__Exercise instructions__
Write again exactly the lines in the listing below, starting at the line with "- Обязательная информация:Ключевая" and ending at the line with "A fine George", both included. Pictures are not copied.

__Data shown__

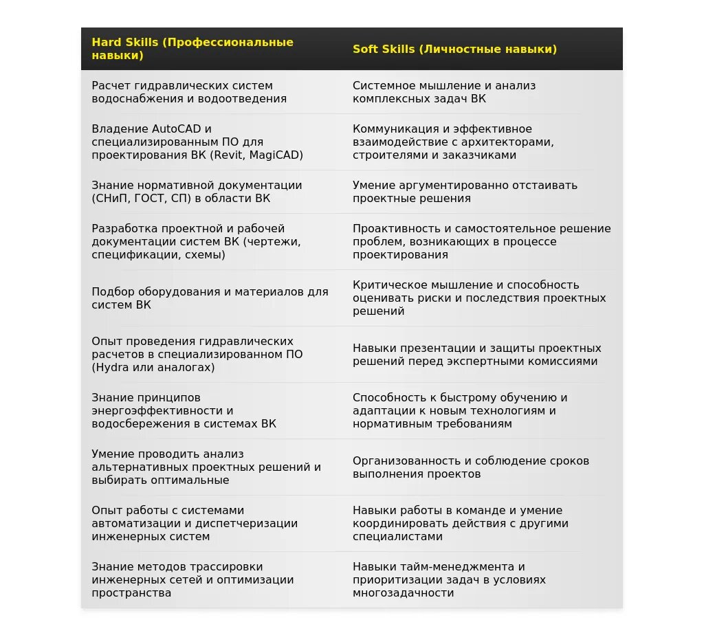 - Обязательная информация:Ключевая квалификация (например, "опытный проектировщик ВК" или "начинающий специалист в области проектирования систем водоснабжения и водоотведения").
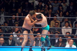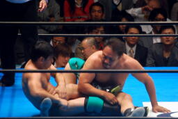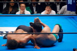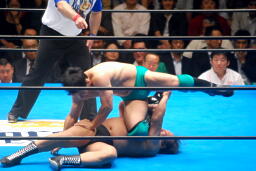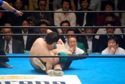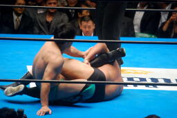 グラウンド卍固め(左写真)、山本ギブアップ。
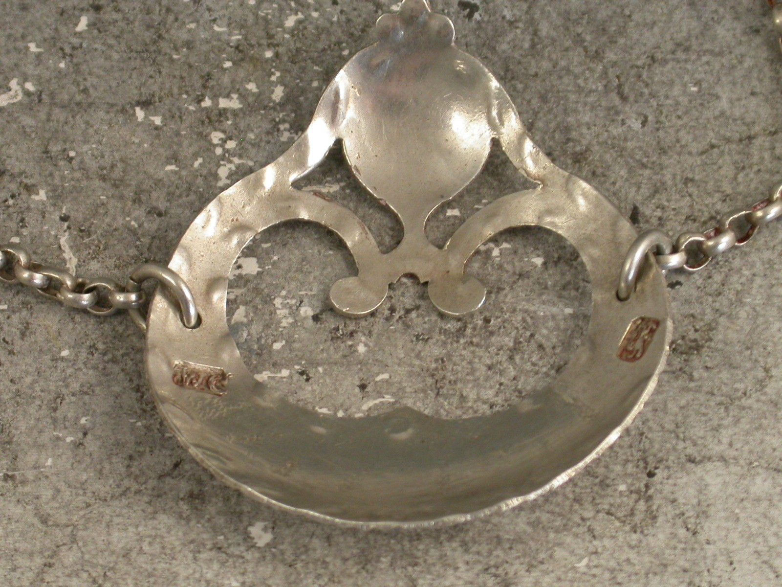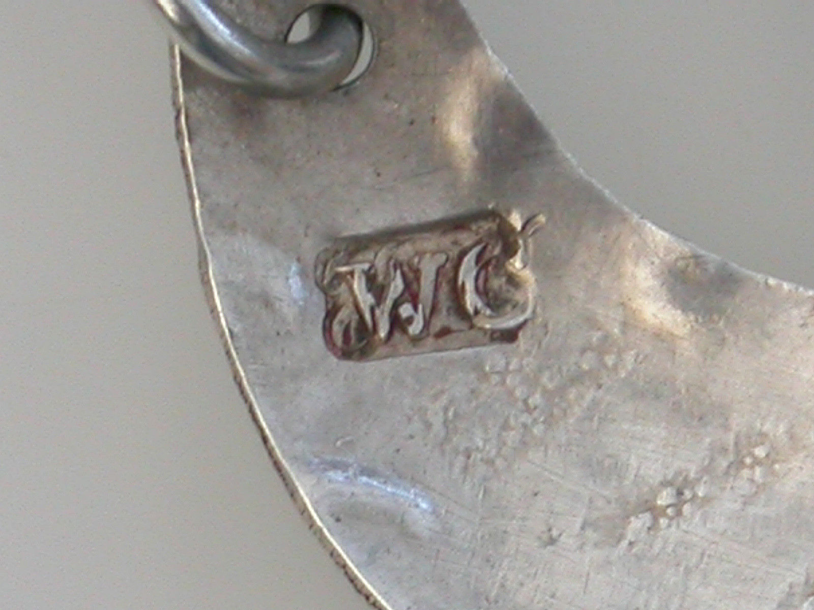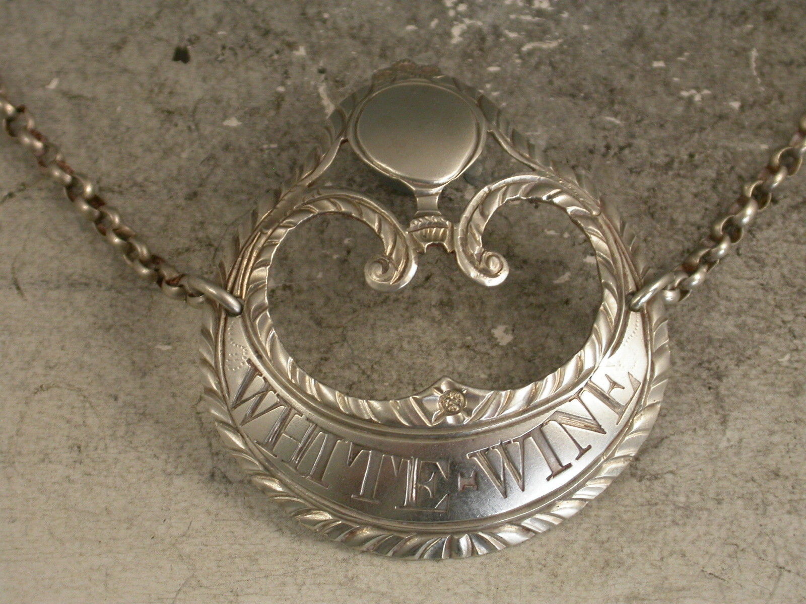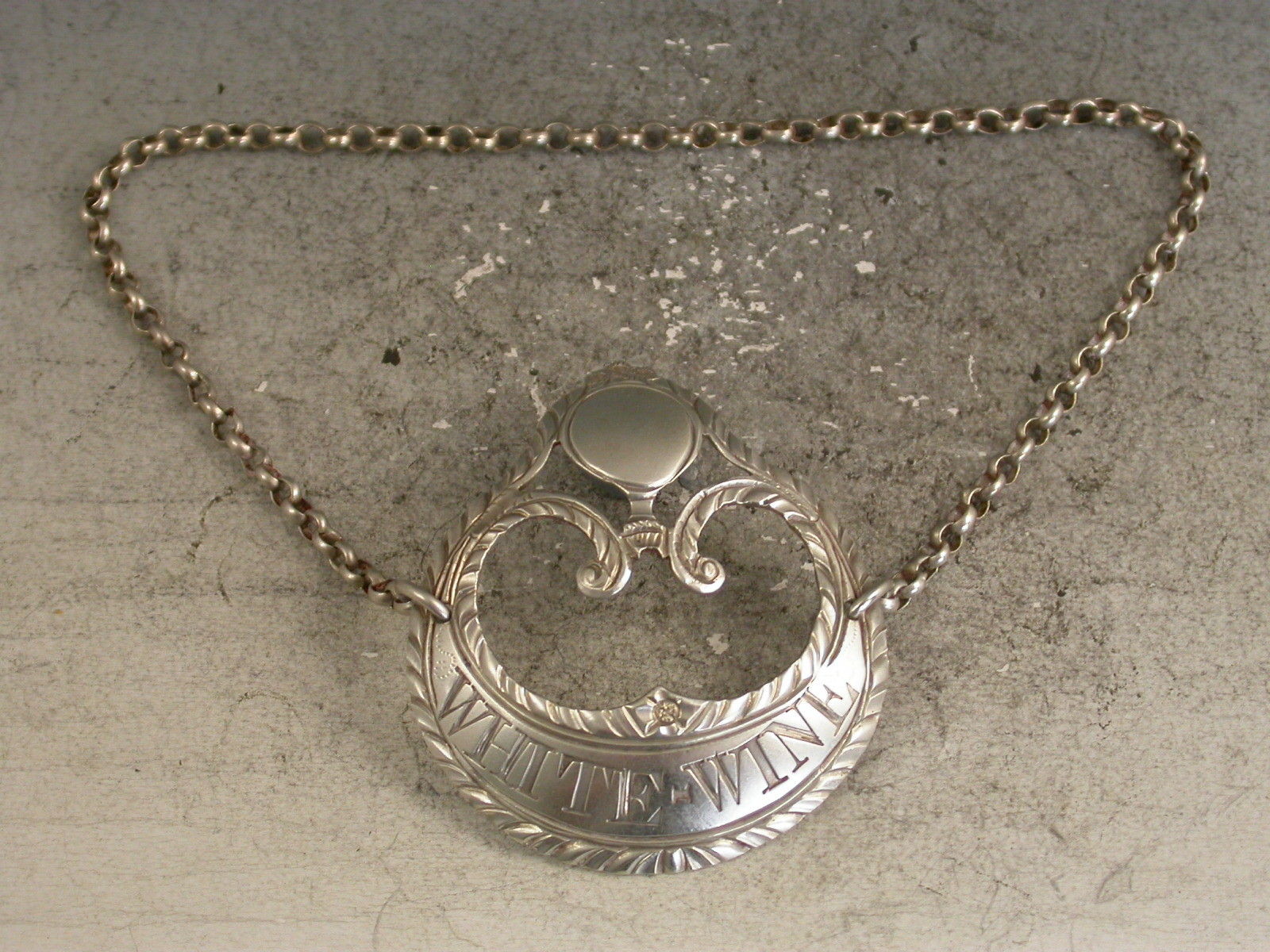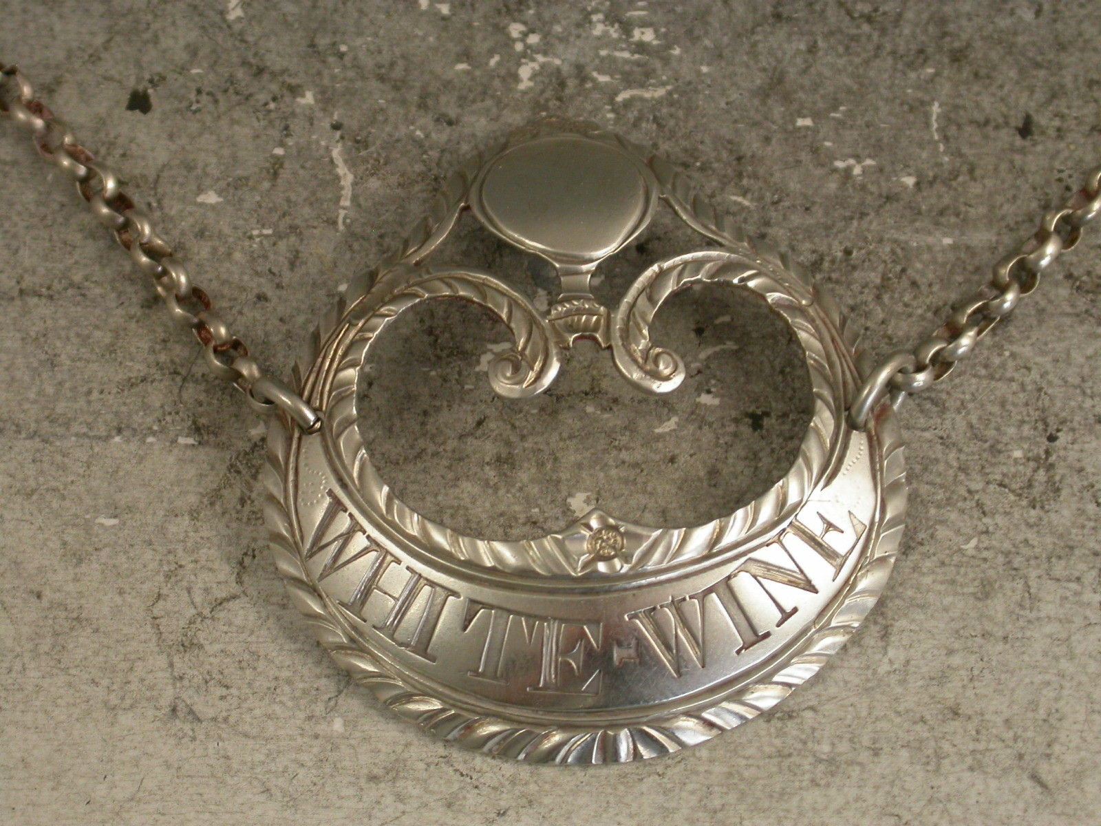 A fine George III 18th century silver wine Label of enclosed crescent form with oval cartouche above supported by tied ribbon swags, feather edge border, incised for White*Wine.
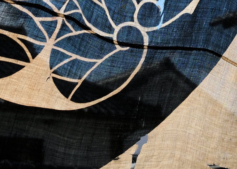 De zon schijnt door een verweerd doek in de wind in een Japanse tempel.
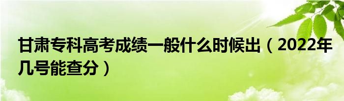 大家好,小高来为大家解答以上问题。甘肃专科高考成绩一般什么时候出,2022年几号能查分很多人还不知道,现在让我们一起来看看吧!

...

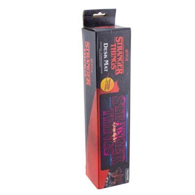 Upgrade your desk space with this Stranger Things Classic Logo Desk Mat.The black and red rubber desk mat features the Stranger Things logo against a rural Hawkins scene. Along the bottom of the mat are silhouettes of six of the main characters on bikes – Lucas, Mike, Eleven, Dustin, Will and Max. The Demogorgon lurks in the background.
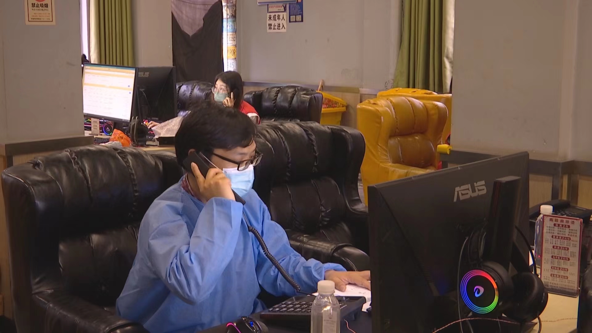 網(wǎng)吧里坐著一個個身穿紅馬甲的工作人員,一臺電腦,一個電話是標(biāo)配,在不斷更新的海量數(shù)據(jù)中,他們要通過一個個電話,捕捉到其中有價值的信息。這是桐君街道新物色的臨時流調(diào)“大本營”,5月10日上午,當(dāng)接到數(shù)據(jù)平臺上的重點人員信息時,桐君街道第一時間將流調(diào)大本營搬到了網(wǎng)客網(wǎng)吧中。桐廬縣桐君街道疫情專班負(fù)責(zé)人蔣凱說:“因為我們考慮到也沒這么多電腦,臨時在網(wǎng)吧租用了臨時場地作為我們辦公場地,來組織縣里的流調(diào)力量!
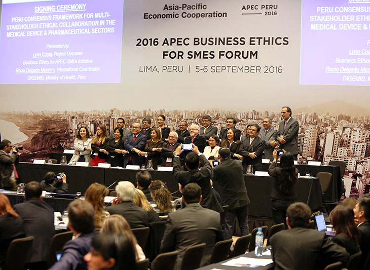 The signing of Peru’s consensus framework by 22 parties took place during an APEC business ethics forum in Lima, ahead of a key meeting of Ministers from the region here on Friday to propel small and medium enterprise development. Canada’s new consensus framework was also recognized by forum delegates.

__Result__
 - Обязательная информация:Ключевая квалификация (например, "опытный проектировщик ВК" или "начинающий специалист в области проектирования систем водоснабжения и водоотведения").
 グラウンド卍固め(左写真)、山本ギブアップ。
 A fine George III 18th century silver wine Label of enclosed crescent form with oval cartouche above supported by tied ribbon swags, feather edge border, incised for White*Wine.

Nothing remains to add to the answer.